Finally, the roof was polished with the Vertool polisher using Scholl S20 and white polishing pad. This combination can finish down well as long as you refine the finish by lowering the speed (around speed 2-3) after you have finished the cutting process at high speed (5-6)










Finally the polishing of the paintwork was finished, after a total of around 13 hours !

Next on the agenda was to smarten up those exhaust pipes. They were looking manky but I knew I could get them shining again with a bit of effort. The inside of the exhaust pipes on the R are painted black. I wanted to remove this, like I had with my previous R so I got my tools together.

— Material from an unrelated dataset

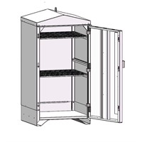 Gasförråd för förvaring inom och utomhus. Konstruktionen är av 1,5 mm Zinkbelagd stålkärna ZnAlMg detta är en metallbeläggning som ger skydd i de tuffaste miljöerna. ZnAlMg har avsevärt bättre korrosionsmotstånd än varmförzinkat stål En av ZnAlMg stora fördelar är dess förmåga att självläka klippta och perforerade kanter. Plåten har en hårdare yta och är reptåligare än traditionellt varmgalvat material. Plåten kan målas på samma sätt som andra metallbelagda stål. Skåpet bultas och nitas ihop. Låsning sker med 3-punkts låshake och hänglås (bygelhöjd 25mm). Godkänd försäkringsklass 2. Dörröppning 100º. Ventilation “självdrag”. Invändiga ej synliga gångjärn med avhakningssäkring. Fäste för 2 kg pulversläckare är förberett i taket. Hyllplan av hävlaröster 4 stycken 925x415 mm är standard. Invändigt mått L965xB860xH1660mm. Transportmått: L990xB1060xH2020mm.

A drill, 3 polishing cones, the Britemax Twins metal polish, Auto Finesse metal polish, some wire wool extra fine grade 0000, some wet and dry.

The polishing cones are made of foam. There are 3 colours of polishing cones and have a stiffness / coarseness as follows :

Yellow T80 Fine, Orange T60 Medium, Blue T40 Coarse

I used the blue for the majority of the polishing, before moving to the Orange. The Auto Finesse Mercury is quite coarse and works well with the blue and orange cones. The very edge of the exhausts the cones can't really get to so wire wool and some wet and dry used by hand removed the rest of the black soot that was engrained. One all the black soot had been removed including underneath the exhausts then I used the Britemax finishing metal polish to bring the shine back. This is left to haze before being wiped off and buffed up by hand.

The pipes were now looking how I liked them.




























That was complete for today.

Saturday 14th October

Another early start to the day. This morning is where I apply all the coatings to the paintwork, glass, alloys and interior.

✔Starting with the paintwork, which has all been wiped down with Gtechniq Panel Wipe to remove all traces of polishing oils and give a pure, clean surface on which to put the coating. This also helps the coating adhere to the paint as it needs a squeaky clean surface to perform to its best potential. My favourite coating is Fireball Nano Coat. I use the professional version but the version available to the public is just as good and a little easier to apply. The professional version gives slightly better gloss, beading and sheeting. I love the pure round beads Fireball products give me. It's amazing. This is a spray on coating and will last a year or more but it's so easy to apply, you can top it up if you require it. I spray it on to a clean M.D. cloth, spread and then wipe with a clean my.

✔Glass coating: 
Next it was time to coat the glass all round. For this I used Gyeon View. One coat was applied to the windscreen, side windows as well as the rear window. Again, being careful not to let it dry.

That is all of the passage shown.